Muni broadband sucks (was: New minimum speed for US broadband connections)

Mike Hammett nanog at ics-il.net
Wed Jun 2 21:02:02 UTC 2021


This wouldn't be for the purposes of entering a new market, but an opportunity to shed your high-cost legacy infrastructure and provide better service in existing markets. 




Getting the incumbents on-board certainly isn't a requirement. The post I was replying to favored a future where all providers converged on one infrastructure. I was saying that wasn't likely to happen. 




----- 
Mike Hammett 
Intelligent Computing Solutions 
http://www.ics-il.com 

Midwest-IX 
http://www.midwest-ix.com 

----- Original Message -----

From: "Christopher Morrow" <morrowc.lists at gmail.com> 
To: "Mike Hammett" <nanog at ics-il.net> 
Cc: "Harry McGregor" <hmcgregor at biggeeks.org>, "nanog list" <nanog at nanog.org> 
Sent: Wednesday, June 2, 2021 3:46:16 PM 
Subject: Re: Muni broadband sucks (was: New minimum speed for US broadband connections) 

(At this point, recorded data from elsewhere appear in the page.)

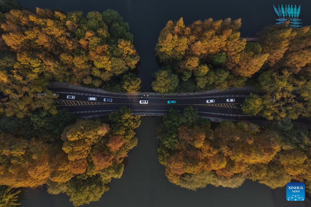 BEIJING, 21 noviembre, 2025 (Xinhua) -- Vista aérea tomada con un dron el 21 de noviembre de 2025 del área escénica del Lago Oeste, en Hangzhou, en la provincia de Zhejiang, en el este de China. (Xinhua/Huang Zongzhi)
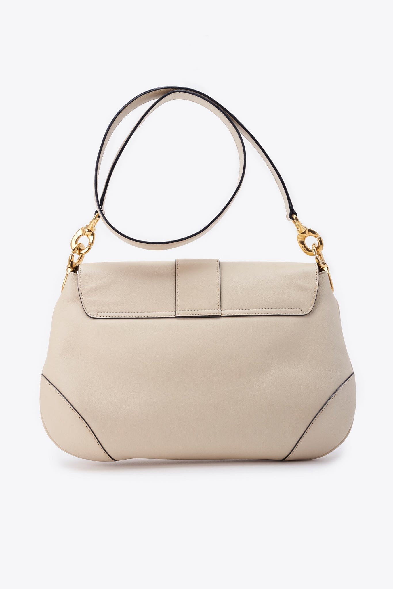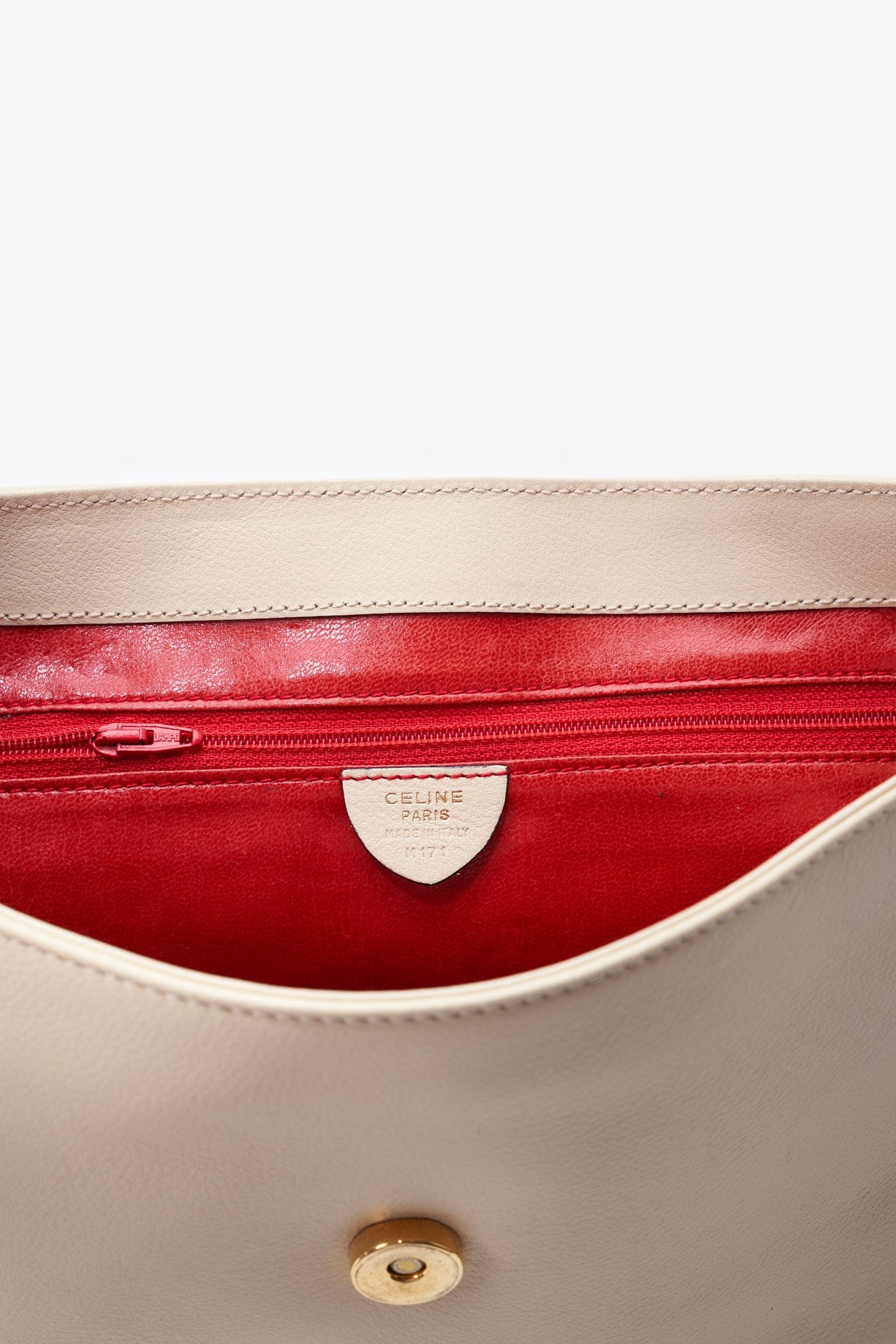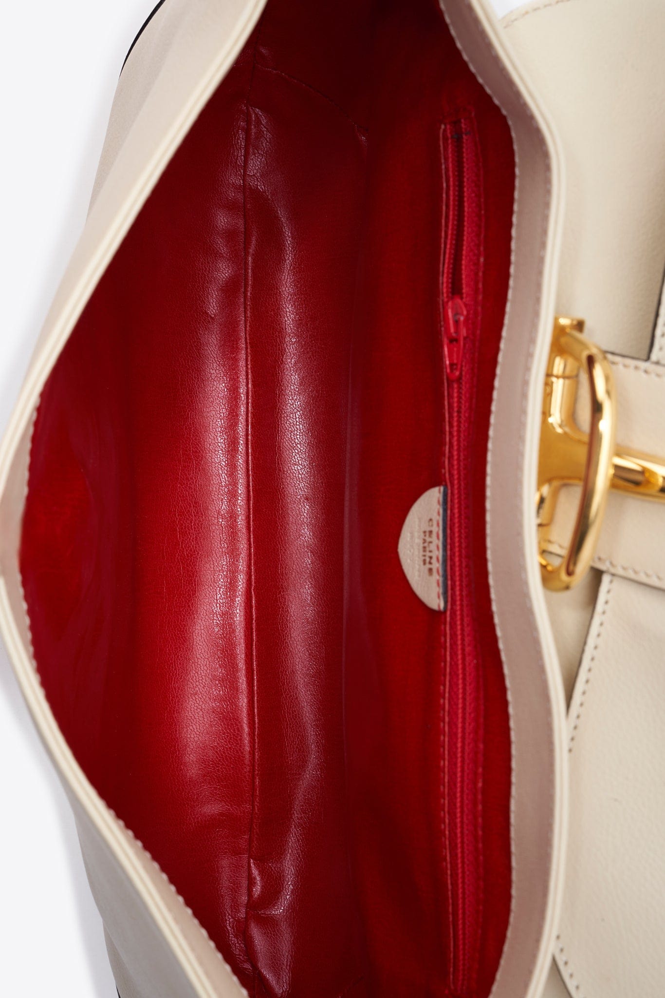 A super chic vintage Celine shoulder bag crafted from a smooth cream leather with gold Celine branded hardware.
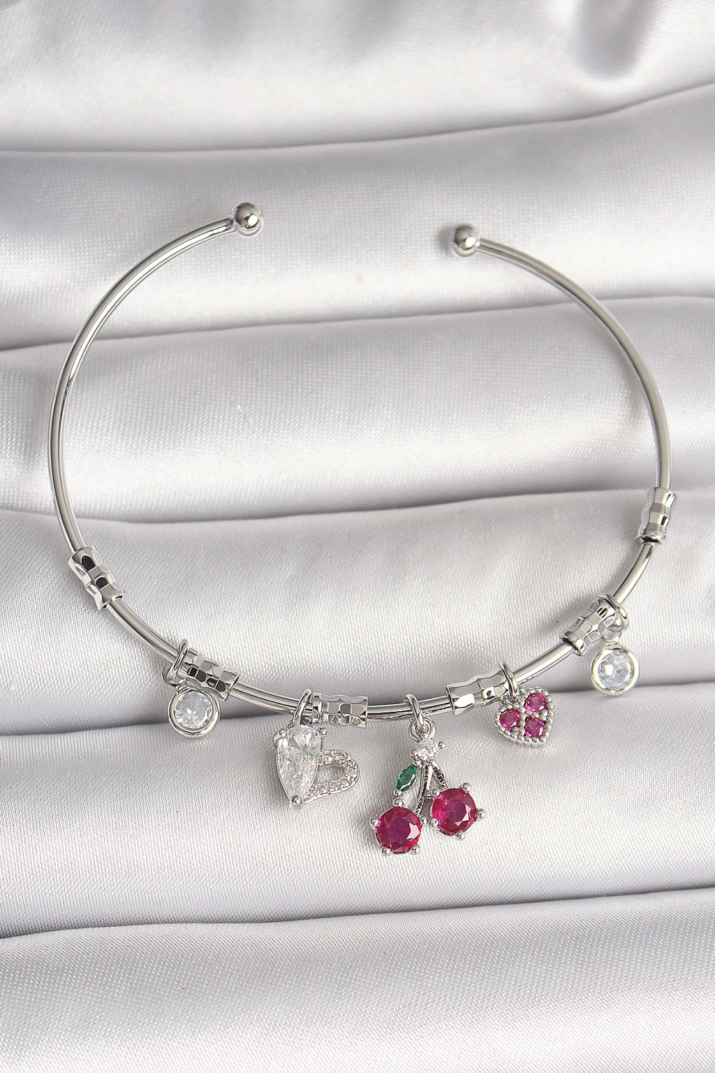 Pirinç Gümüş Renk Sallantı Kiraz Figür Kalp Detay Charm Kadın Bileklik - TJ-BB6901
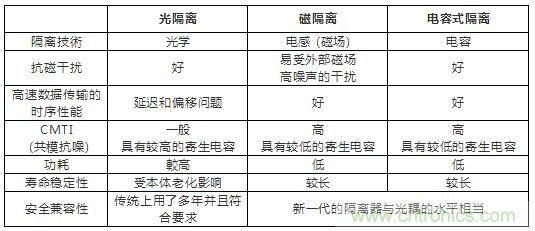 表1:三種主流隔離技術(shù)的比較
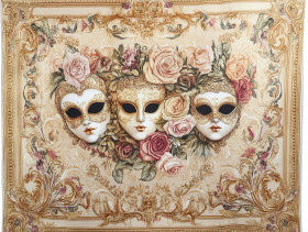 masquerade ball dancers masks costumes elegant ornate festivities mystery glamour tapestry aubusson verdure antique woven detailed vibrant artistic decorative classic traditional heritage craftsmanship celebration theatrical carnival performance fashion opulent performance culture historical enchanted mysterious sophisticationImagine Buddy

On Wed, Jun 2, 2021 at 4:11 PM Mike Hammett < nanog at ics-il.net > wrote: 




The government entities that I've known of building middle or last-mile fiber infrastructure have reported that none of the incumbent operators wanted anything to do with it. Not during planning, construction, post-construction, etc. 






If your whole model is monopoly services (att/verizon/cabletown) why would you bother entering a service area where you might have competition? (and an operational model which is radically different from your other properties) 


I don't think it's necessary for the 'incumbent telco' (or cabletown) to need/want to participate with the municipal dark-fiber-equivalent deployments, is it? 
All that's needed is a couple (one to start) local 'isp' that can service what is effectively a light-duty L1 and ethernet plant, and customer service(s).